Marie Jackson and Australian-born chef Skye Gyngell are the brains behind Spring, which opens on Tuesday 14 October in the New Wing of the capital’s historic Somerset House, in the space previously occupied by the UK Inland Revenue since it was built in 1856.
When it came to selecting a supplier of seafood for Spring, they turned to Ms Jackson’s brother and sister, Louis and Vicky Jackson, of the Fresh Fish Company who already export their Genuine Jersey produce to the UK. And, the siblings’ mother, Mary, is also involved in the business where her homemade fish pies are legend.
Ms Jackson said: “We have used the Fresh Fish Company previously and have never been let down when it comes to freshness and quality, so it makes sense to use them as one of the suppliers for Spring.”

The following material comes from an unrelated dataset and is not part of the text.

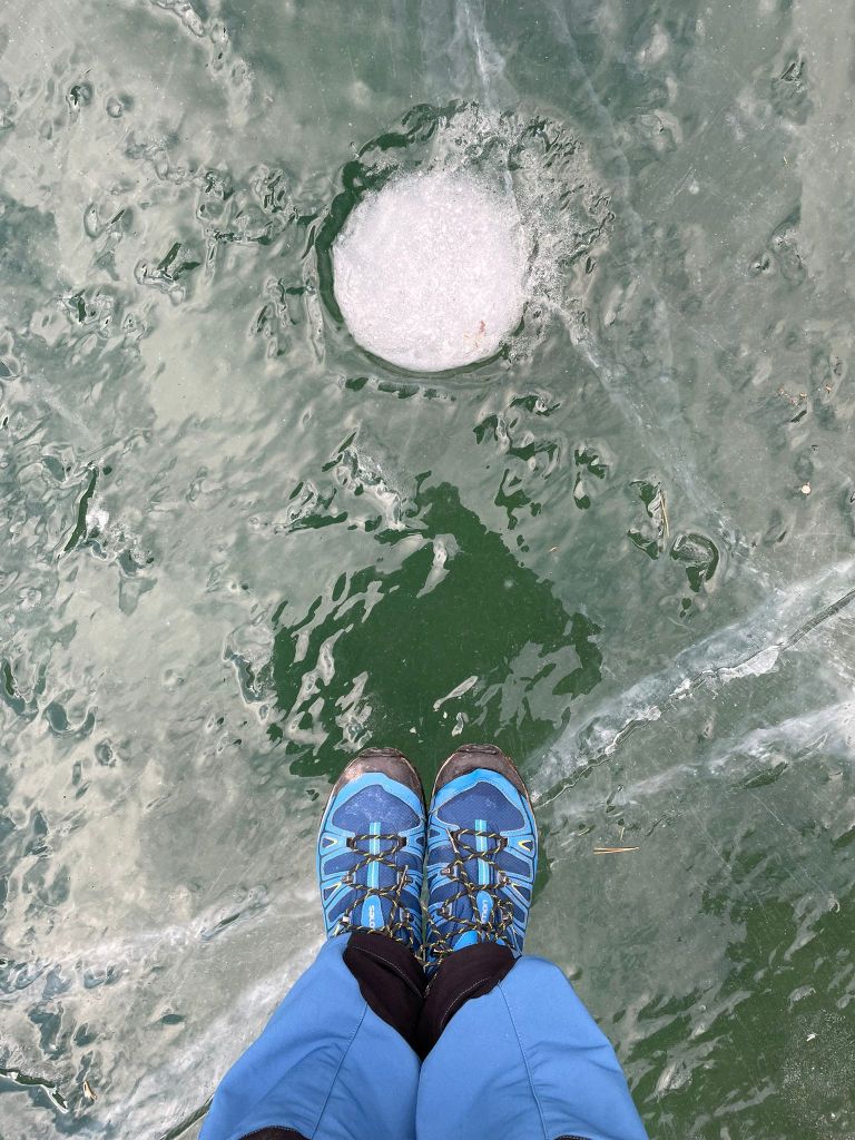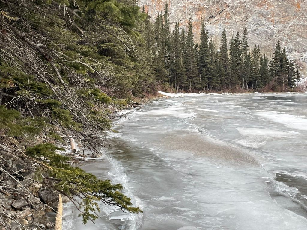 Parem a un llac arran de carretera, poc abans de deixar les Rockies. La idea és fer una circular caminant al voltant del llac. Arribats a cert punt el camí es complica i, aprofitant que està el llac està gelat, decidim creuar pel mig. La gruixuda capa de gel és tan transparent que podem veure l’aigua líquida de sota i les pedres del fons del llac. En alguna zona hi ha unes enormes esquerdes que ens recorden que el llac continua viu i en moviment, malgrat les aparences. Fa impressió caminar sobre el gel i ser conscient que sota hi ha certa profunditat d’aigua.

The Chief Executive of Genuine Jersey, John Garton, welcomed the opening of Spring and the export of local seafood which will include lobster, crab, turbot and sea bass – and not just for the opportunity to showcase the Island’s produce in such a prestigious location.
‘Both Skye and Marie are real champions of seasonality and using fresh British produce to create innovative dishes so I am delighted that our very own seafood will feature on the menu. I hope that Spring will become the place for Island businesses to entertain their clients in London and to showcase the high quality produce for which Jersey in renowned with British chefs and food lovers nationwide,’ he said.
Ms Jackson met Ms Gyngell when they worked together at Michelin Star Petersham Nurseries in Richmond. They have spent the past 18 months on their joint project, which has seen an extensive refurbishment to create a 120-cover restaurant with an atrium garden at its centre.
Ms Jackson left the Island 12 years ago, having jointly owned the old popular town centre restaurant, Blues. Before setting up her own hotel, restaurant and retail development consultancy business in 2010, Marie Jackson Associates, she ran three restaurants in Oxford, sourcing her seafood from the family business back home.
While she was operations director at the Bank Hotel, Gees Restaurant and the Old Parsonage Hotel, she was recognised by Condé Nast Johansens ‘For Outstanding Excellence and Innovation’.
Ms Gyngell – who trained in her homeland and Paris, and worked with Anton Mossiman at London’s Dorchester Hotel - is also an award-winning writer who was the food writer for the Independent on Sunday for five years. She has also written for Vogue magazine.